--- Available data Enclosed Below ---

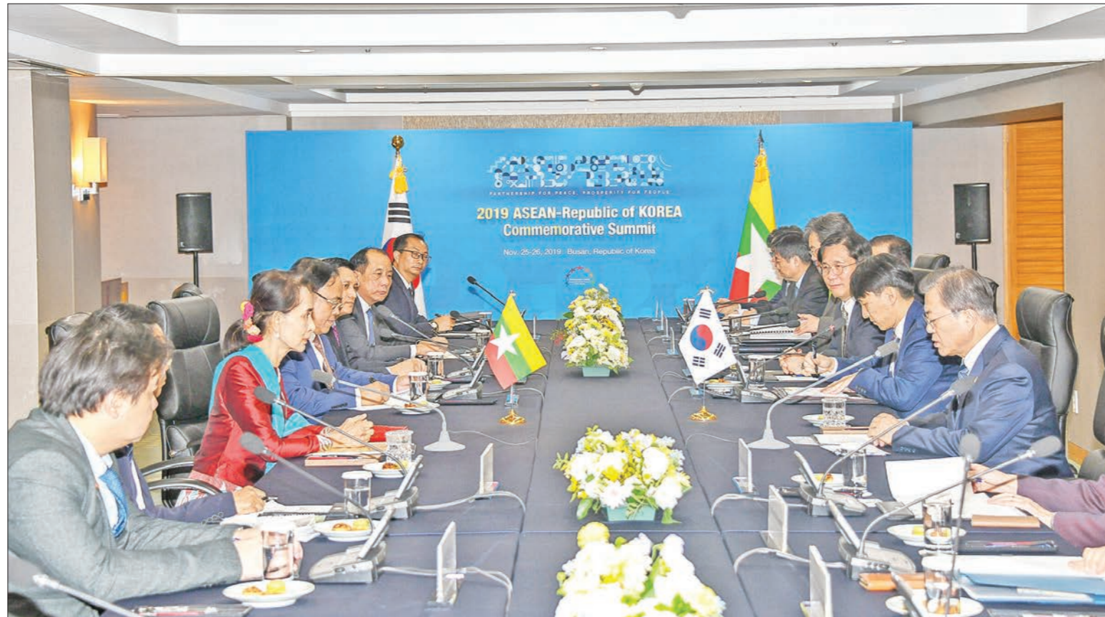
State Counsellor Daw Aung San Suu Kyi and President of Korea Mr Moon Jae-in hold the bilateral meeting between Myanmar and ROK at the Westin Chosun Busan Hotel on 26 November 2019.

In the context of business partnership, KMIC will serve as a new, powerful engine for Korean investment in Myanmar. As a Korean government-led industrial complex, the first of such nature and scale in Myanmar, KMIC is highly expected to strengthen Myanmar's industrial sector and in return, contribute positively in creating new jobs. Ever since Myanmar started its arduous journey for democracy and economic reform, the country has been considered as the last frontier market in the region. Such perception has since been gaining more traction and momentum, especially under the COVID-19 context, which served as a wake-up call for restructuring global value chains. As the most resourceful country in the Mekong
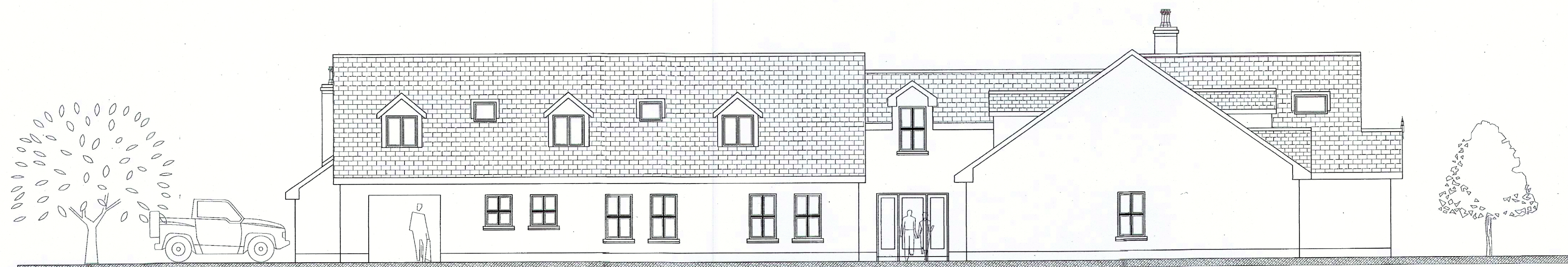
SIDE ELEVATION / SOUTH.
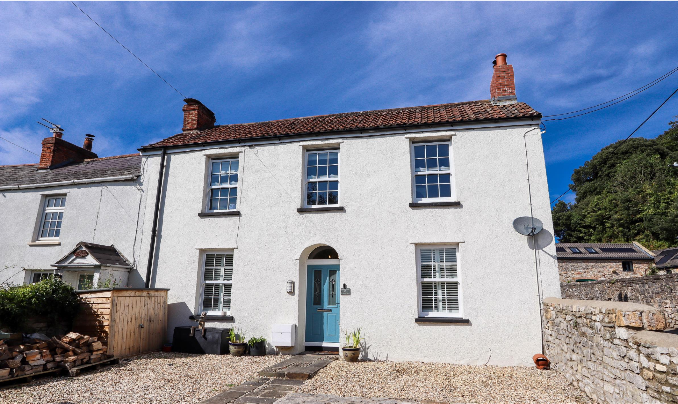
Clevedon House, 6 All Saints Lane, Clevedon, BS21 6AY £499,950
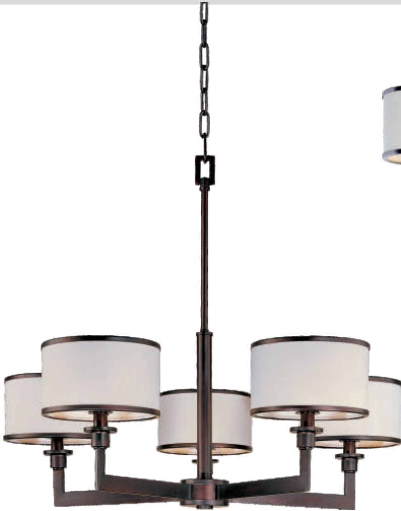
12055 WTOI, WTSN Chandelier B
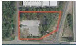
6550-6580 Schamber Dr, Norton Shores
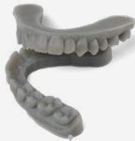
9 min 11 Clear Aligner Models
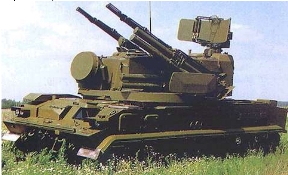
SA-19 Grison (2S6 Tunguska) is capable of engage air targets with IR missiles at altitudes from 15 up to 3500 meters. In close range, its four 30mm cannons are able of 5000 shots per minute!

Target – A north korean tank battalion consists of 41 vehicles and includes 4 deadly 2S6 Tunguska (SA-19 Grison). The battalion must be attacked carefully to avoid exposure to this AD weapon. See please the tactical reference for more details.
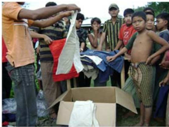
Distribution of Clothes
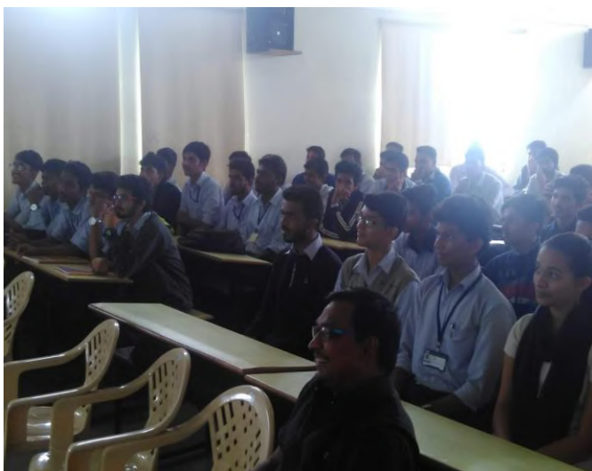
Students Involved In the Session

--- End of Enclosed Available data ---

### [What you have to do]
Give back the lines word for word, from the very first in the material above to the one that has "SA-19 Grison (2S6", both included, without the pictures.

### [Result for this task]
State Counsellor Daw Aung San Suu Kyi and President of Korea Mr Moon Jae-in hold the bilateral meeting between Myanmar and ROK at the Westin Chosun Busan Hotel on 26 November 2019.

In the context of business partnership, KMIC will serve as a new, powerful engine for Korean investment in Myanmar. As a Korean government-led industrial complex, the first of such nature and scale in Myanmar, KMIC is highly expected to strengthen Myanmar's industrial sector and in return, contribute positively in creating new jobs. Ever since Myanmar started its arduous journey for democracy and economic reform, the country has been considered as the last frontier market in the region. Such perception has since been gaining more traction and momentum, especially under the COVID-19 context, which served as a wake-up call for restructuring global value chains. As the most resourceful country in the Mekong
SIDE ELEVATION / SOUTH.
Clevedon House, 6 All Saints Lane, Clevedon, BS21 6AY £499,950
12055 WTOI, WTSN Chandelier B
6550-6580 Schamber Dr, Norton Shores
9 min 11 Clear Aligner Models
SA-19 Grison (2S6 Tunguska) is capable of engage air targets with IR missiles at altitudes from 15 up to 3500 meters. In close range, its four 30mm cannons are able of 5000 shots per minute!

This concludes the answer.